After the spectra are collected, NMR structure determination usually involves several time-consuming steps, i.e. peak picking, chemical shift assignment, nuclear Overhauser effect spectroscopy (NOESY) assignment and structure calculation (Wüthrich, 1986). These steps can take experienced NMR spectroscopists weeks or even months. Among the four steps, peak picking is a prerequisite for all following steps, and thus required much attention from spectroscopists. The goal of peak picking is to identify cross-signals, which contain the chemical shift information of the spin systems, from the noisy NMR spectra.

Computational approaches have been widely applied to accelerate the post-spectra processing stage of NMR structure determination (Alipanahi et al., 2009, 2011; Altieri and Byrd, 2004; Gronwald and Kalbitzer, 2003; Güntert, 2009; Herrmann et al., 2002; Jang et al., 2010, 2011; Williamson and Craven, 2009).

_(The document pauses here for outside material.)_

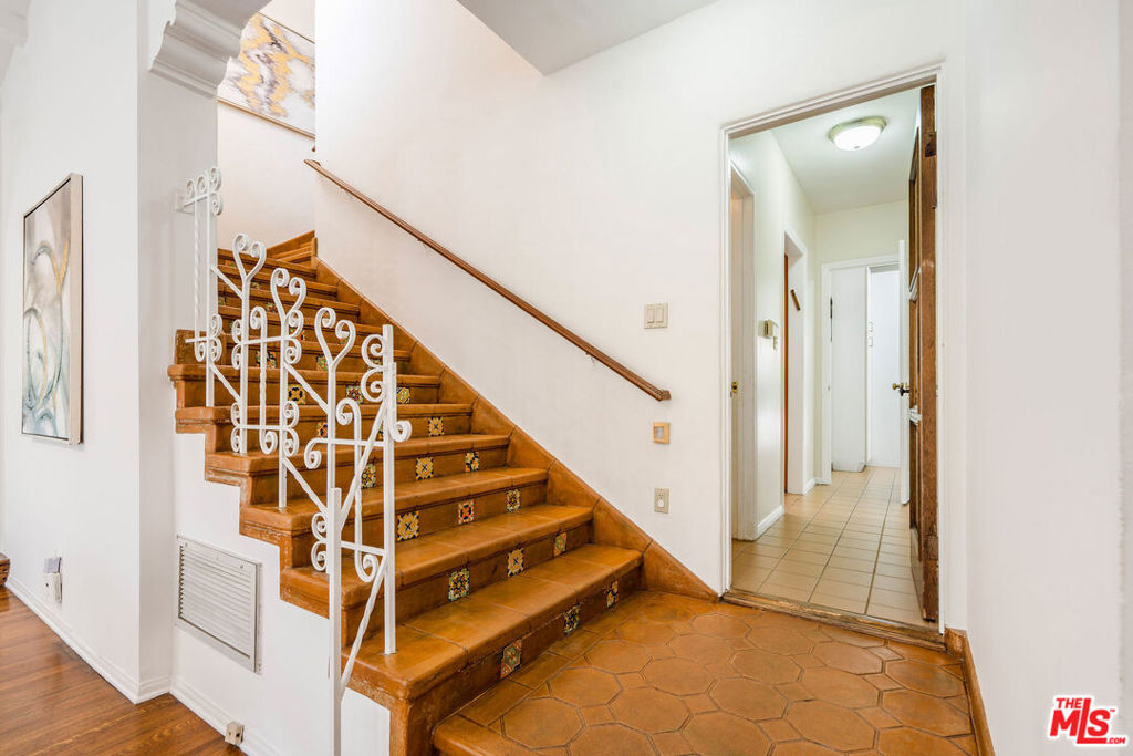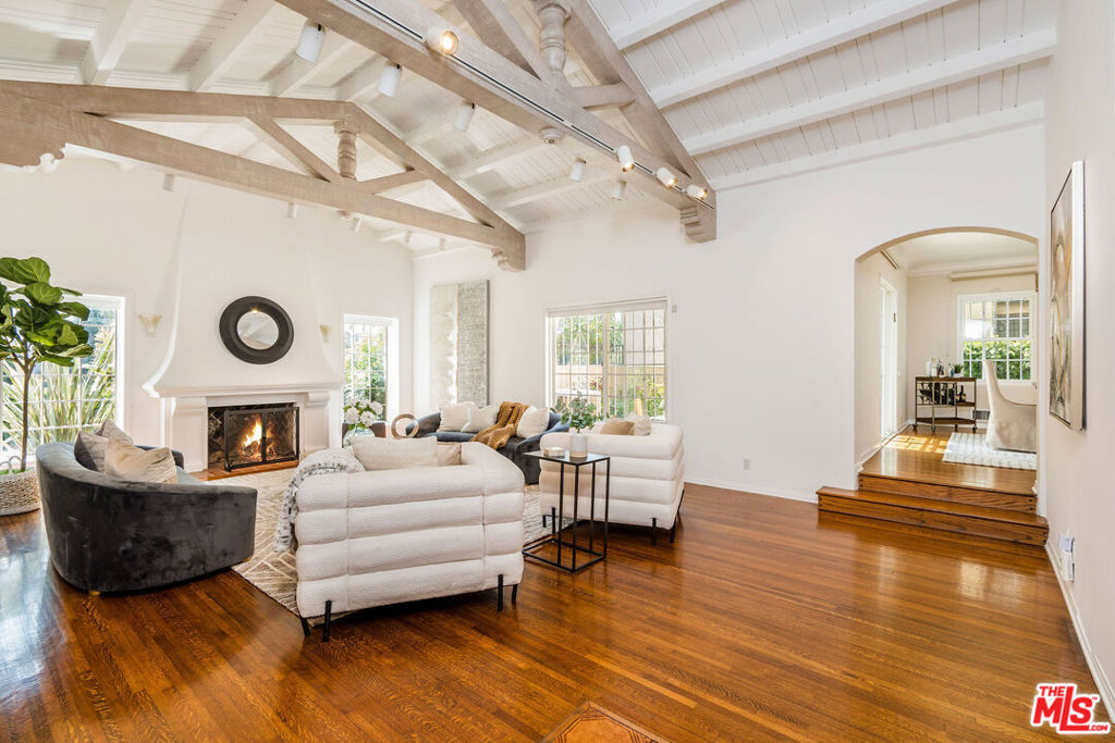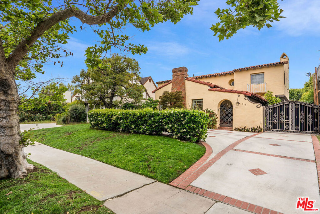 Classic Hancock Park Spanish that’s well-maintained while preserving its charm. A gated courtyard provides exclusion before entering the home, where you step into a brightly-lit living room with vaulted wood-beam ceilings and a fireplace. This leads to a spacious formal dining room with direct access to a private patio. From the dining room you access the breakfast room and kitchen with center island, stone counters and ample cabinet space. Beyond the kitchen is a large family room with great windows and access to the backyard. Rounding out the first floor is an en-suite bedroom plus spacious laundry/utility room. Upstairs are three spacious bedrooms, with hardwood floors under the carpet, highlighted by the primary suite complete with flex space/seating area, ample closet space and a bathroom with period tiles and fixtures. Backyard includes a great patio for al fresco dining plus inviting grass lawn. Long gated driveway provides abundant parking, and leads to a two-car garage, which with heat/air, recessed lighting, and insulation can be used for parking, a home office or gym, or even the beginnings of an ADU. Well located to the cafes, shops and restaurants on Larchmont, Melrose and La Brea; Third Street School District.
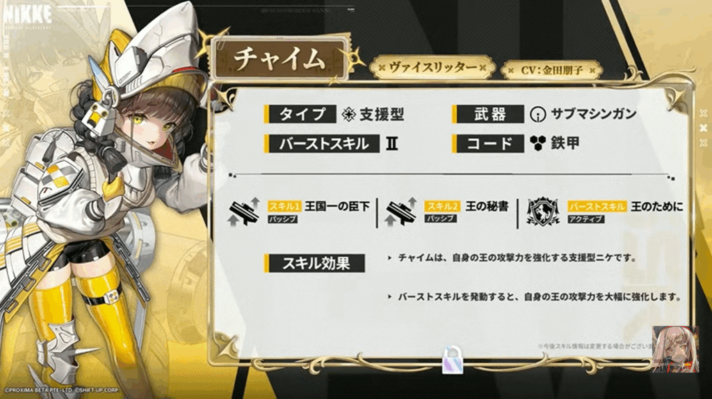 チャイムはクラウンを大幅に強化する能力で、バーストⅡ再突入キャラとのことです!

However, peak picking is the most sensitive and, thus far, it has been difficult to design automatic methods that can deal with this sensitivity. There are two reasons for this difficulty. First, the outputs of peak picking serve as the inputs for both the assignment and structure calculation steps. Any practical peak-picking method must therefore be very accurate. Second, there are various sources of errors in NMR spectra, including random noise, sample impurities, artifacts and water bands, which makes peak picking a very challenging problem.

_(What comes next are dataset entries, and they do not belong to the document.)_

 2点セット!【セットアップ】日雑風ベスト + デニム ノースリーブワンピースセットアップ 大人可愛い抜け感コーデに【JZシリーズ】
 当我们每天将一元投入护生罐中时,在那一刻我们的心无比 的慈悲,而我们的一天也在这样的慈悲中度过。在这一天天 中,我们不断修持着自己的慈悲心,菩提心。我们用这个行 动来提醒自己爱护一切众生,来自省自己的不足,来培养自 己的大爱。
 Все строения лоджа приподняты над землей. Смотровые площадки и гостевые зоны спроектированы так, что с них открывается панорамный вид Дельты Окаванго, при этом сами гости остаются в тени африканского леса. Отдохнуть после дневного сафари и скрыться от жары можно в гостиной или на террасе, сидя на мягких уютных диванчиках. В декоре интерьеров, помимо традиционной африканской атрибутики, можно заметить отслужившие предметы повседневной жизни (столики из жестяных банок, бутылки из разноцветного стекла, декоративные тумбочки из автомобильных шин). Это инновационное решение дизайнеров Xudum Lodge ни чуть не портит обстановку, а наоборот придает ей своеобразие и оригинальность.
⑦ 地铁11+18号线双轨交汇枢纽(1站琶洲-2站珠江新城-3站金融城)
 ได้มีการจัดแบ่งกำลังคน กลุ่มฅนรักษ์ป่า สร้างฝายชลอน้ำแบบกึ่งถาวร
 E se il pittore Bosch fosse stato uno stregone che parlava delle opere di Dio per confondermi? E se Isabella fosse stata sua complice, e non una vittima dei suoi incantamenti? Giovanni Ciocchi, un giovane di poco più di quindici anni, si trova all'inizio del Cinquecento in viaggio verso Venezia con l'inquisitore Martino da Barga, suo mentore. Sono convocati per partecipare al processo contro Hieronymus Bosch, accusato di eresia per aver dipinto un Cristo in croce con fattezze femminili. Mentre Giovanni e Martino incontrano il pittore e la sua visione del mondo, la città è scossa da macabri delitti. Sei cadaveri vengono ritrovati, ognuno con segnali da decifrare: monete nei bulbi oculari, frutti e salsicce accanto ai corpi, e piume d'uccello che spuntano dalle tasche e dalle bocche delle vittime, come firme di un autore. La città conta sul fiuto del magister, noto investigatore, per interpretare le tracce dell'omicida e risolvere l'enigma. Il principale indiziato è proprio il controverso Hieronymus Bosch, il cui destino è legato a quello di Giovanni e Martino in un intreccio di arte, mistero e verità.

The first automatic peak-picking method was proposed in 1990 (Kleywegt et al., 1990). Symmetry was both assumed and used to identify peaks in 2D ¹H NMR spectra. Since then, a variety of methods have been explored to solve the peak-picking problem, which include peak-property-based methods (Garret et al., 1991; Johnson and Blevins, 1994), machine learning methods (Antz et al., 1995; Carrara et al., 1993; Corne et al., 1992; Rouh et al., 1994), and spectra-decomposition-based methods (Alipanahi et al., 2009; Koradi et al., 1998; Korzhneva et al., 2001; Orekhov et al., 2001).

Among the existing automatic methods, AUTOPSY (Koradi et al., 1998) and PICKY (Alipanahi et al., 2009) are the most accurate. Both of these methods attempt to estimate the noise level of the given spectrum. The noise is assumed to be white Gaussian noise and is estimated within small regions of the spectrum. All the data points that have lower intensities than the estimated noise level are eliminated, which eliminates most parts of the spectrum. The remaining spectrum looks like a set of disconnected components. Instead of dealing with all the components altogether, both AUTOPSY and PICKY extract separate components. AUTOPSY extracts components by a simple flood fill algorithm, whereas PICKY further subdivides weakly connected components into smaller ones. After the components are formed, both methods conduct peak picking within each component. AUTOPSY first identifies strong, obvious peaks from components. Each of these components is then decomposed as the outer product of 1D lineshapes. The lineshapes are then clustered and used to detect overlapping peaks from the remaining components. Different from AUTOPSY, which uses symmetry properties of peaks, PICKY directly applies SVD on each of components. Since the components formed by PICKY are much smaller and simpler than the ones formed by AUTOPSY, rank-one SVD seems to be powerful enough to identify peaks from the components. However, both AUTOPSY and PICKY have a quite high false positive rate. Therefore, a refinement step is performed in each method to reduce the number of false peaks. In AUTOPSY, the integration, symmetrization and filtering modules are applied. In PICKY, the peaks are first sorted according to the intensities. A certain number of the strongest peaks (usually 1.2K, where K is the expected number of peaks) is kept. The peaks from different NMR spectra, which share common atoms, are used to cross-eliminate false positive peaks.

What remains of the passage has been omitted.